> Your goal
Every line below should be copied exactly; drop the pictures.

== Segment start ==

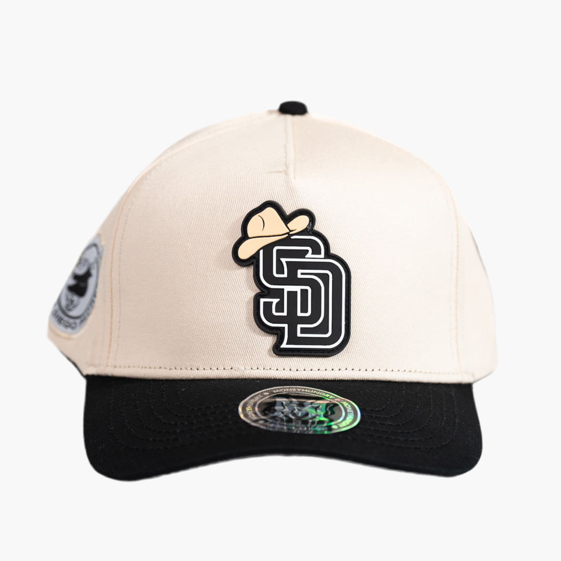 La gorra de béisbol de color beige el logo SD combina estilo y funcionalidad, con un pin de hule negro y un Borde blanco que destaca para los aficionados que disfrutan viendo béisbol, ofrece comodidad y protección solar durante los partidos al aire libre. Perfecta para mostrar tu pasión por el deporte.
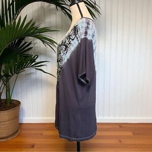 Stand out in this edgy Vocal USA short sleeve top featuring a gray & white tie-dye pattern with bold rhinestone cross and filigree designs on front and back. Lightweight with a relaxed fit and stretch. Made in Los Angeles.
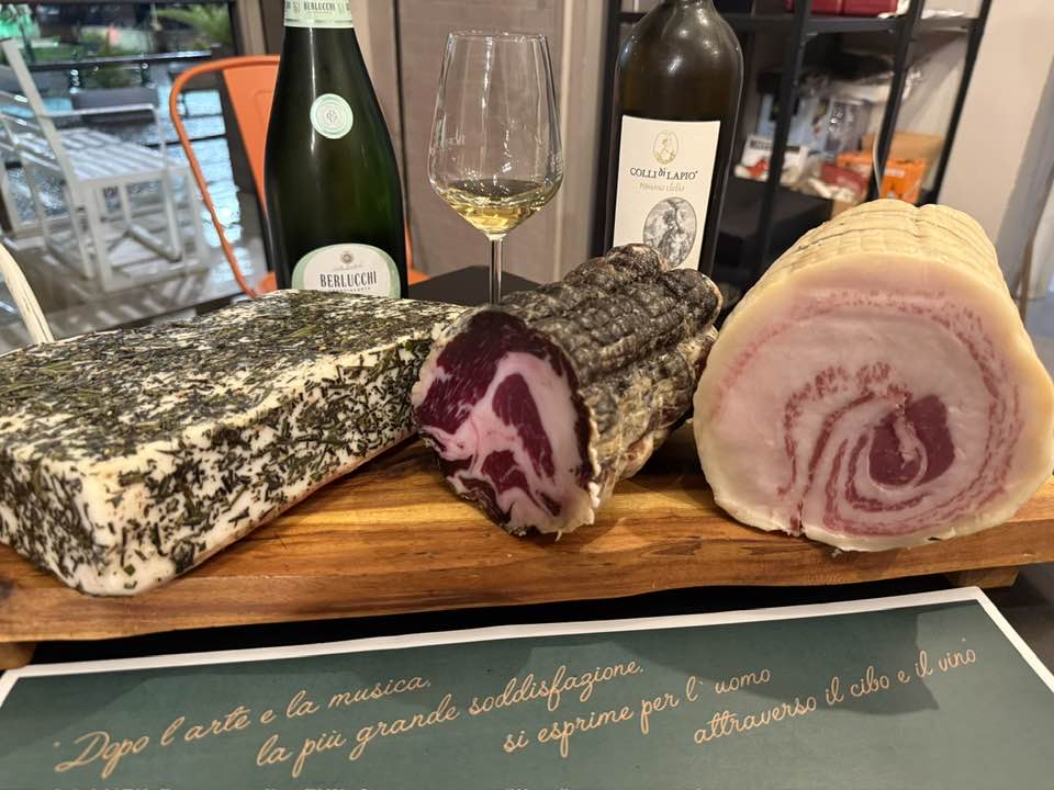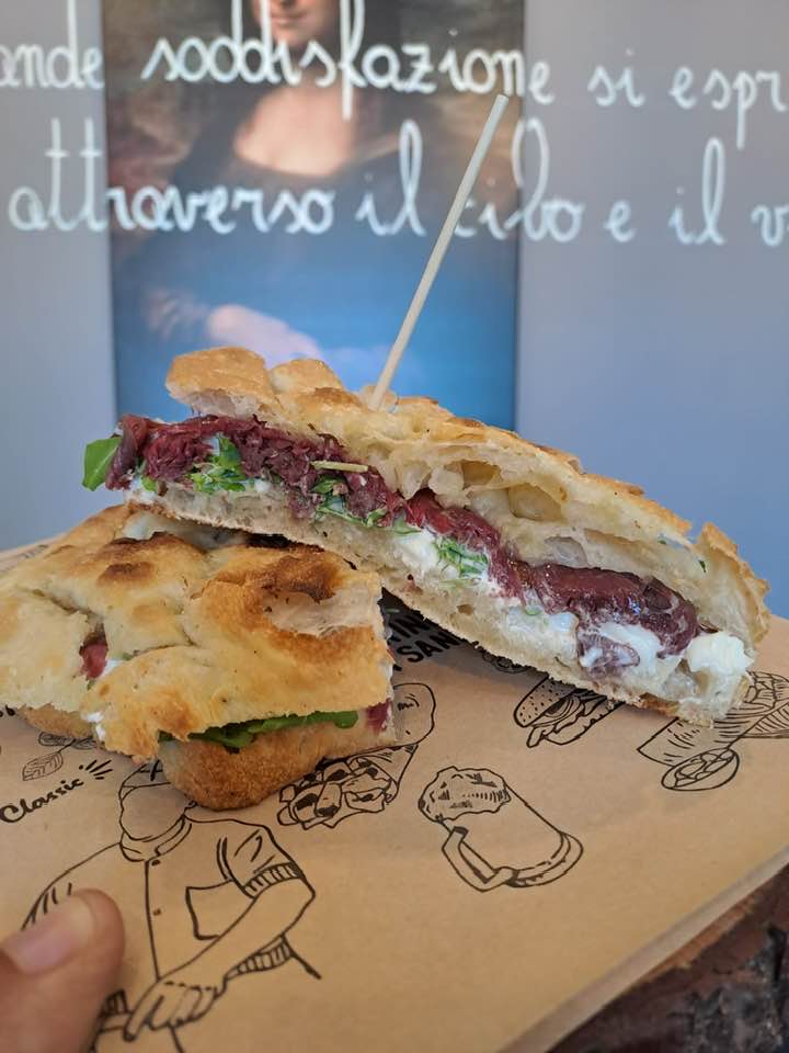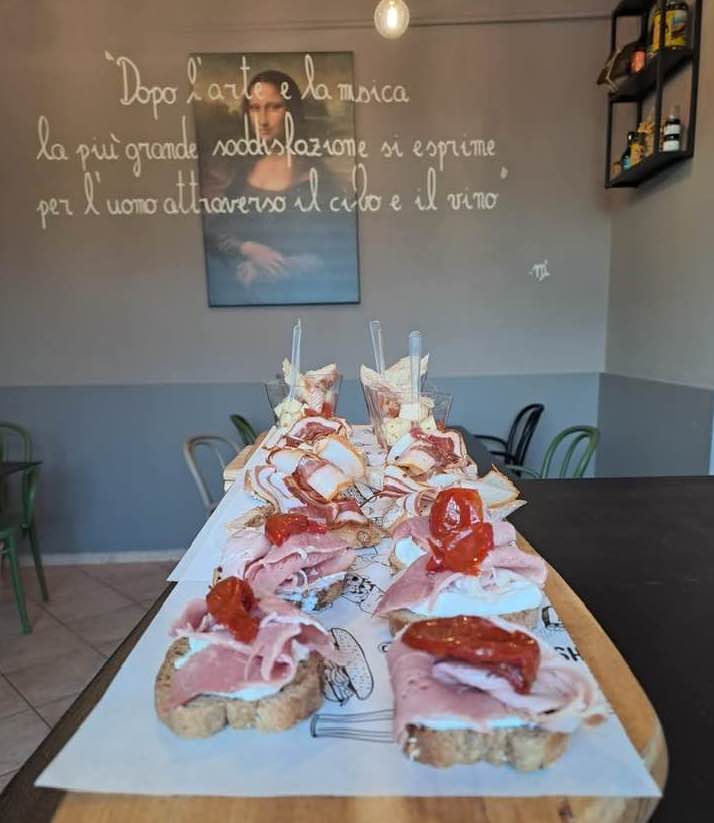 Che veniate per un aperitivo o per una cena frugale, sappiate che cadete bene, con taglieri di salumi e formaggi di eccellenza, con una croccantissima foccacia ripiena di quel che volete e con baguette farcite di ogni ben di dio (salumi, formaggi, affumicati di mare).
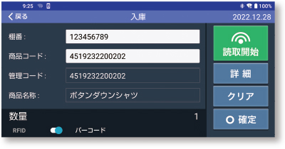 入庫(棚入れ)棚番はバーコードスキャン、商品はRFID読取による入庫作業が可能、入れ間違いを防止します。
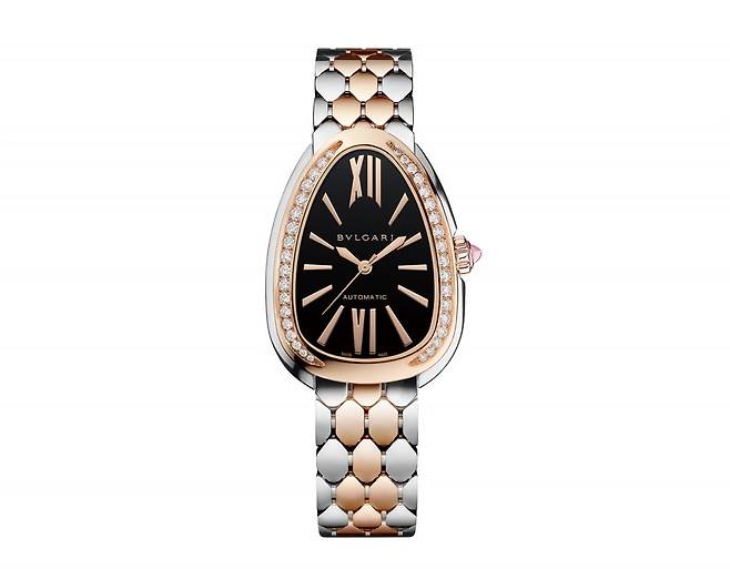 불가리, 세르펜티 세두토리 오토매틱 워치 | 특유의 육각형 스케일 브레이슬릿이 마치 두 번째 피부처럼 손목을 감싸며, 유연하면서도 관능적인 카리스마를 발산한다. 스틸 케이스의 실루엣은 더욱 정교하게 다듬어졌다. 매끄럽게 흐르는 곡선은 여성스러운 우아함을 극대화하며, 카보숑 컷 핑크 루벨라이트가 세팅된 로즈 골드 크라운은 손끝에 전해지는 섬세한 촉각적 경험까지 완성한다. 매끈한 블랙 래커 다이얼과 함께 베젤에는 브릴리언트 컷 다이아몬드 38개를 세팅해 한층 찬란한 빛을 더한다.
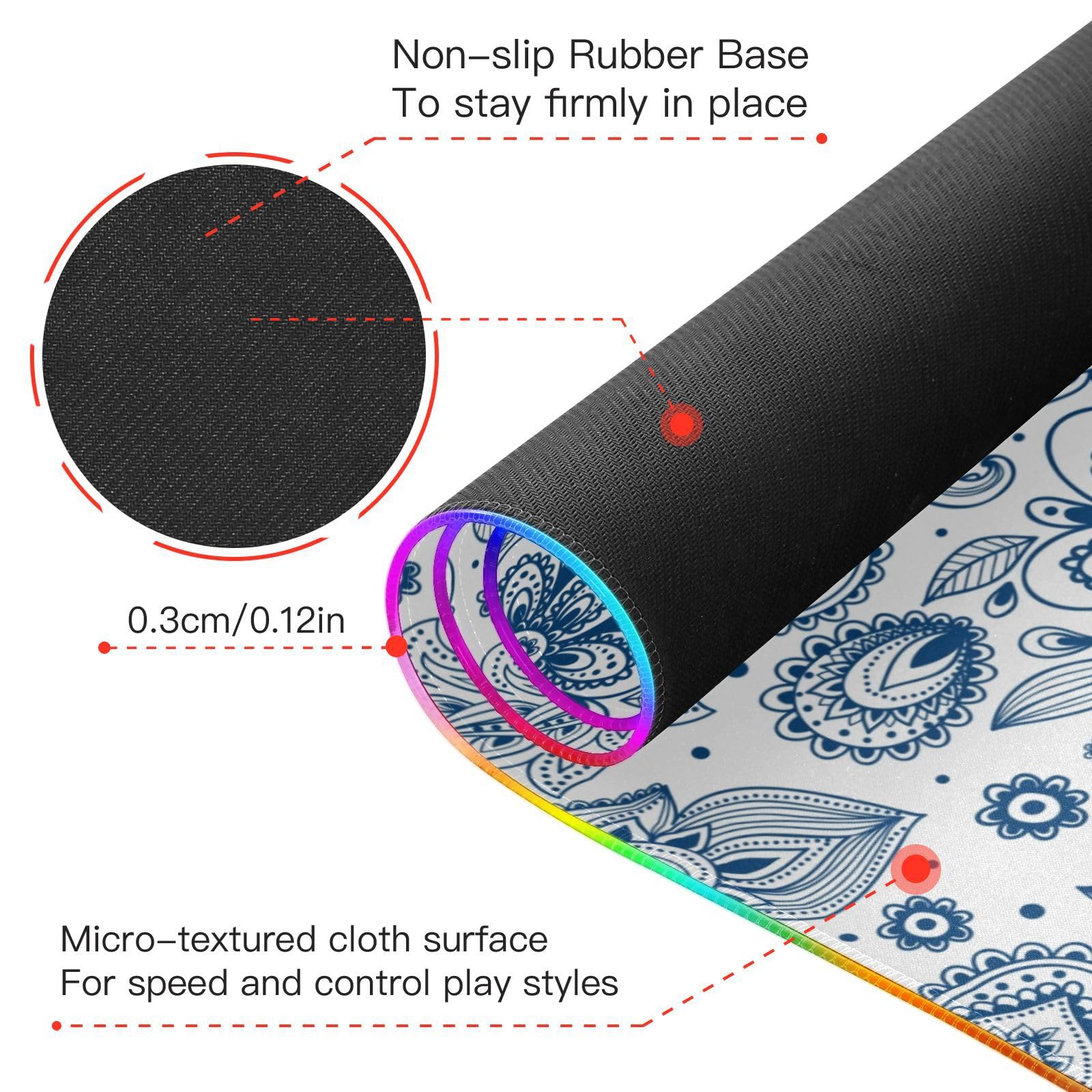 Boho Paisley Flower Wireless Charging Mouse Pad for Mobile Phone Extra Large Gaming Mousepad with 13 Lighting Modes Extended Desk Mat for MacBook PC Laptop Desk Office Home Gaming
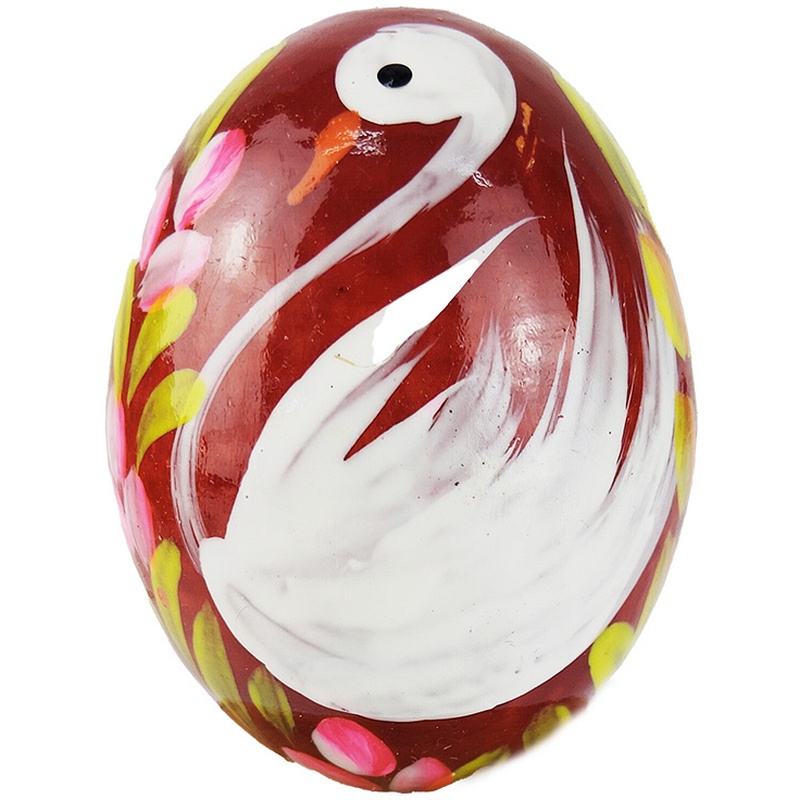 Ce magnifique œuf de Pâques se distingue par son fond bordeaux profond, sur lequel se détache délicatement un élégant cygne blanc, entouré d'ornements floraux aux tons roses et jaunes. Le motif peint à la main sublime chaque coup de pinceau, donnant à chaque pièce l'allure d'une œuvre d'art originale. Symbole de beauté, de pureté et d'amour, le cygne confère à l'œuf de Pâques une dimension spirituelle et visuelle exceptionnelle.

== Segment end ==

> Result of this exercise
 La gorra de béisbol de color beige el logo SD combina estilo y funcionalidad, con un pin de hule negro y un Borde blanco que destaca para los aficionados que disfrutan viendo béisbol, ofrece comodidad y protección solar durante los partidos al aire libre. Perfecta para mostrar tu pasión por el deporte.
 Stand out in this edgy Vocal USA short sleeve top featuring a gray & white tie-dye pattern with bold rhinestone cross and filigree designs on front and back. Lightweight with a relaxed fit and stretch. Made in Los Angeles.
 Che veniate per un aperitivo o per una cena frugale, sappiate che cadete bene, con taglieri di salumi e formaggi di eccellenza, con una croccantissima foccacia ripiena di quel che volete e con baguette farcite di ogni ben di dio (salumi, formaggi, affumicati di mare).
 入庫(棚入れ)棚番はバーコードスキャン、商品はRFID読取による入庫作業が可能、入れ間違いを防止します。
 불가리, 세르펜티 세두토리 오토매틱 워치 | 특유의 육각형 스케일 브레이슬릿이 마치 두 번째 피부처럼 손목을 감싸며, 유연하면서도 관능적인 카리스마를 발산한다. 스틸 케이스의 실루엣은 더욱 정교하게 다듬어졌다. 매끄럽게 흐르는 곡선은 여성스러운 우아함을 극대화하며, 카보숑 컷 핑크 루벨라이트가 세팅된 로즈 골드 크라운은 손끝에 전해지는 섬세한 촉각적 경험까지 완성한다. 매끈한 블랙 래커 다이얼과 함께 베젤에는 브릴리언트 컷 다이아몬드 38개를 세팅해 한층 찬란한 빛을 더한다.
 Boho Paisley Flower Wireless Charging Mouse Pad for Mobile Phone Extra Large Gaming Mousepad with 13 Lighting Modes Extended Desk Mat for MacBook PC Laptop Desk Office Home Gaming
 Ce magnifique œuf de Pâques se distingue par son fond bordeaux profond, sur lequel se détache délicatement un élégant cygne blanc, entouré d'ornements floraux aux tons roses et jaunes. Le motif peint à la main sublime chaque coup de pinceau, donnant à chaque pièce l'allure d'une œuvre d'art originale. Symbole de beauté, de pureté et d'amour, le cygne confère à l'œuf de Pâques une dimension spirituelle et visuelle exceptionnelle.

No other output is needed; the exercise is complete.